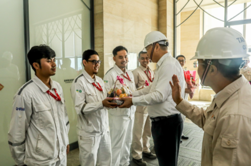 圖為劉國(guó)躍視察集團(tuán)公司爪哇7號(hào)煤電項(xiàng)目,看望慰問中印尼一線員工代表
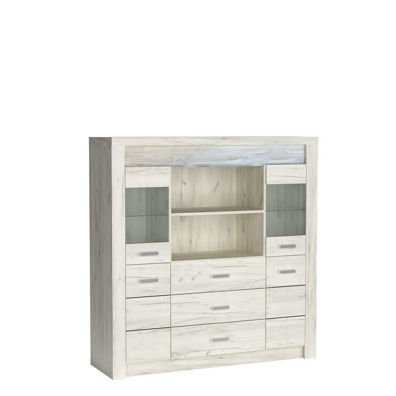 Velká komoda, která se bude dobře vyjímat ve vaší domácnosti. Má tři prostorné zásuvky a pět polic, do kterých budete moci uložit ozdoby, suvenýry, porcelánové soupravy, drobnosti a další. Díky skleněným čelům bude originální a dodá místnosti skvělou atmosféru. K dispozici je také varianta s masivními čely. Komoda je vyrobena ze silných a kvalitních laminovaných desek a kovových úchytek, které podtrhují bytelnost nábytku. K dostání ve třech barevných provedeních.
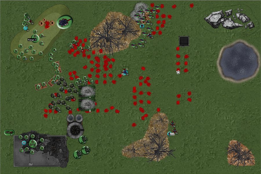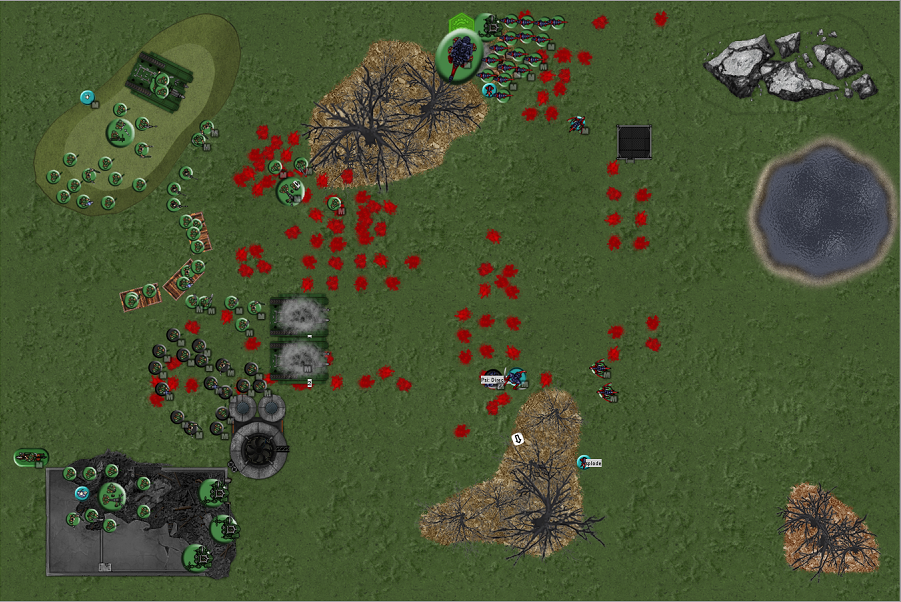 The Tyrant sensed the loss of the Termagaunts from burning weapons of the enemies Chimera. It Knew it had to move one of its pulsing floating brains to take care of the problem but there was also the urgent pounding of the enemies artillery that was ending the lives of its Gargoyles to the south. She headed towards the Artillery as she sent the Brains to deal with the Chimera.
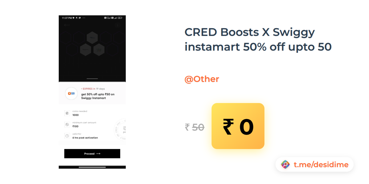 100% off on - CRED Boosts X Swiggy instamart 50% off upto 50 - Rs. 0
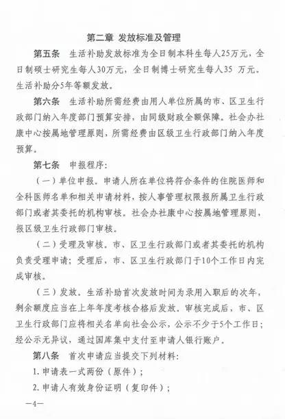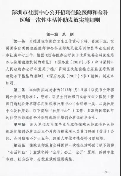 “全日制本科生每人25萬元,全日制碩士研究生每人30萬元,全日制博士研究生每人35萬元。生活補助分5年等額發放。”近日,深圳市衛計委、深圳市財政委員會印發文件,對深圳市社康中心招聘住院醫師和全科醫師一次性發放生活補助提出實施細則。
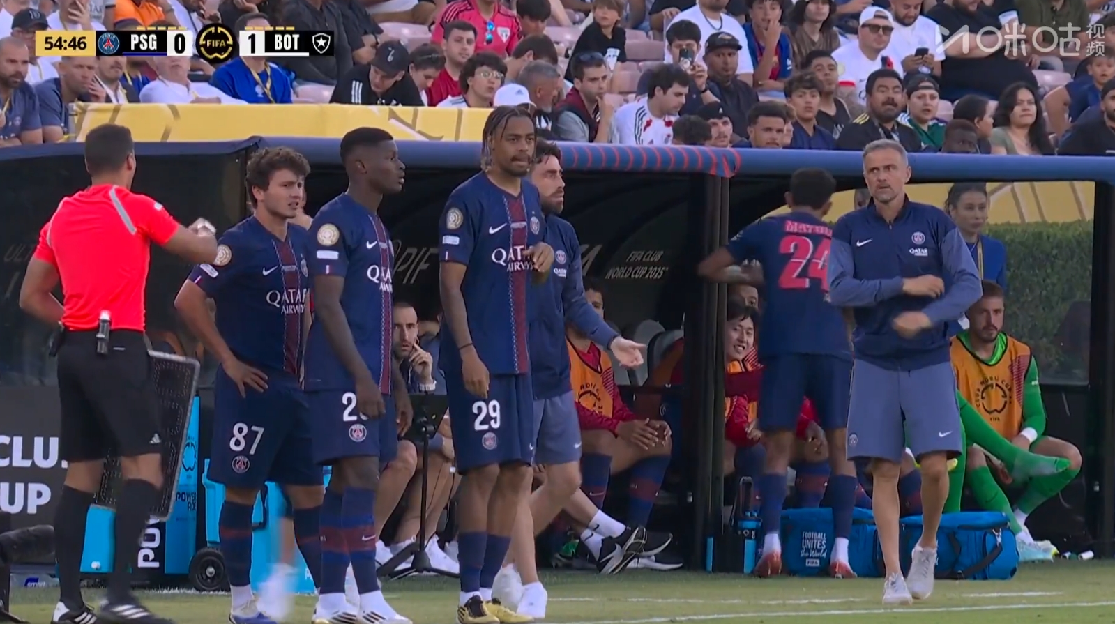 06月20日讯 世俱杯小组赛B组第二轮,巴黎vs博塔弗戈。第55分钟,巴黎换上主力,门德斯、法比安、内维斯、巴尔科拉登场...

...

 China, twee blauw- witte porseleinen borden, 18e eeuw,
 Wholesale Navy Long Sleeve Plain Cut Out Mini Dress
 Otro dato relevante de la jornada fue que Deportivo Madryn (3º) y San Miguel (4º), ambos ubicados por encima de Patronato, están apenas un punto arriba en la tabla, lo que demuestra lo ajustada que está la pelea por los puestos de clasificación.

==

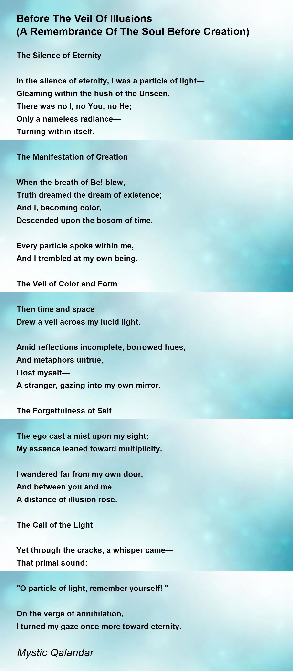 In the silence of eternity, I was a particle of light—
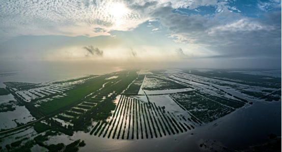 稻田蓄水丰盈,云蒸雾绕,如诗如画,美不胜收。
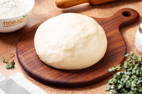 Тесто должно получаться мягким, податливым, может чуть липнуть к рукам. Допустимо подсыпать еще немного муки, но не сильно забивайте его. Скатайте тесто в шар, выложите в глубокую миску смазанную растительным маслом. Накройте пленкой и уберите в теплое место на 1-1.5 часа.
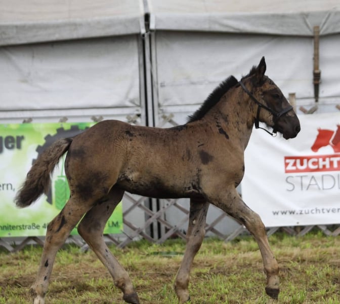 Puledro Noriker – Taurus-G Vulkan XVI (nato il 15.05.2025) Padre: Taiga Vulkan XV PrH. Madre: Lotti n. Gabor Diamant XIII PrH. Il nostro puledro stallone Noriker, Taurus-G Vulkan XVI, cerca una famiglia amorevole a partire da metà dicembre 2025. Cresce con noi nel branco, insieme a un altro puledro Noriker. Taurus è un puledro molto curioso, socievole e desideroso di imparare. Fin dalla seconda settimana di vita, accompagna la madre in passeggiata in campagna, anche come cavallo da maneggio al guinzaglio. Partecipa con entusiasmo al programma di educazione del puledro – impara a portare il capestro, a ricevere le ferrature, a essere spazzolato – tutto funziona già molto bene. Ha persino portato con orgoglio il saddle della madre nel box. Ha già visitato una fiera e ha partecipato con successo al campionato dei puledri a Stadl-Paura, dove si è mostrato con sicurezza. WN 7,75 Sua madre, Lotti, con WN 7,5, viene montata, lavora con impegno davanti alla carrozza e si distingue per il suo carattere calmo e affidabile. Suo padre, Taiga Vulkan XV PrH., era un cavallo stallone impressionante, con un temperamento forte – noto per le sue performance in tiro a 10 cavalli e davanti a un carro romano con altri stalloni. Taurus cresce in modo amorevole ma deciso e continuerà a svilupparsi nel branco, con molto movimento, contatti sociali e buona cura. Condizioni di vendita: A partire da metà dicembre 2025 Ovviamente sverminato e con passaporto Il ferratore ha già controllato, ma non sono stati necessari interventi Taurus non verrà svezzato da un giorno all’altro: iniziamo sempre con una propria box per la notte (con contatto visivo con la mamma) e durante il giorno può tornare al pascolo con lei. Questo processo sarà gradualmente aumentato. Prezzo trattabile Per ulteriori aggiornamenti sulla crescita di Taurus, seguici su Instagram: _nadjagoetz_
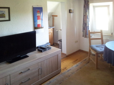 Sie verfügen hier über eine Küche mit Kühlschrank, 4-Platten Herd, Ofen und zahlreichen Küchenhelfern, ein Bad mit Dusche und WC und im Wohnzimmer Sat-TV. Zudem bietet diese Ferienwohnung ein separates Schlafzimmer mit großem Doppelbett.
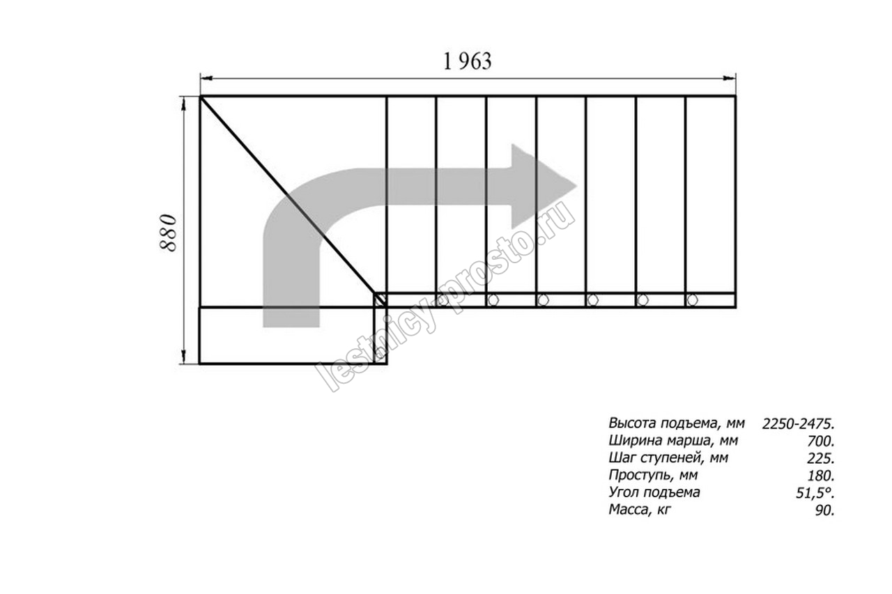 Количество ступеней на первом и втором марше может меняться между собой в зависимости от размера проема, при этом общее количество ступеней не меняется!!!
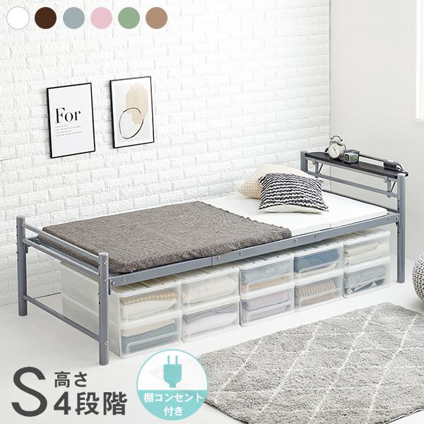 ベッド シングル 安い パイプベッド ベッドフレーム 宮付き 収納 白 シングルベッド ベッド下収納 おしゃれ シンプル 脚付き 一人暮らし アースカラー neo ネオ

What to produce —
In the material above, the stretch from the line with "稻田蓄水丰盈,云蒸雾绕,如诗如画,美不胜收。" through the line with "Тесто должно получаться" is to be given again exactly, minus the pictures.

Expected answer —
 稻田蓄水丰盈,云蒸雾绕,如诗如画,美不胜收。
 Тесто должно получаться мягким, податливым, может чуть липнуть к рукам. Допустимо подсыпать еще немного муки, но не сильно забивайте его. Скатайте тесто в шар, выложите в глубокую миску смазанную растительным маслом. Накройте пленкой и уберите в теплое место на 1-1.5 часа.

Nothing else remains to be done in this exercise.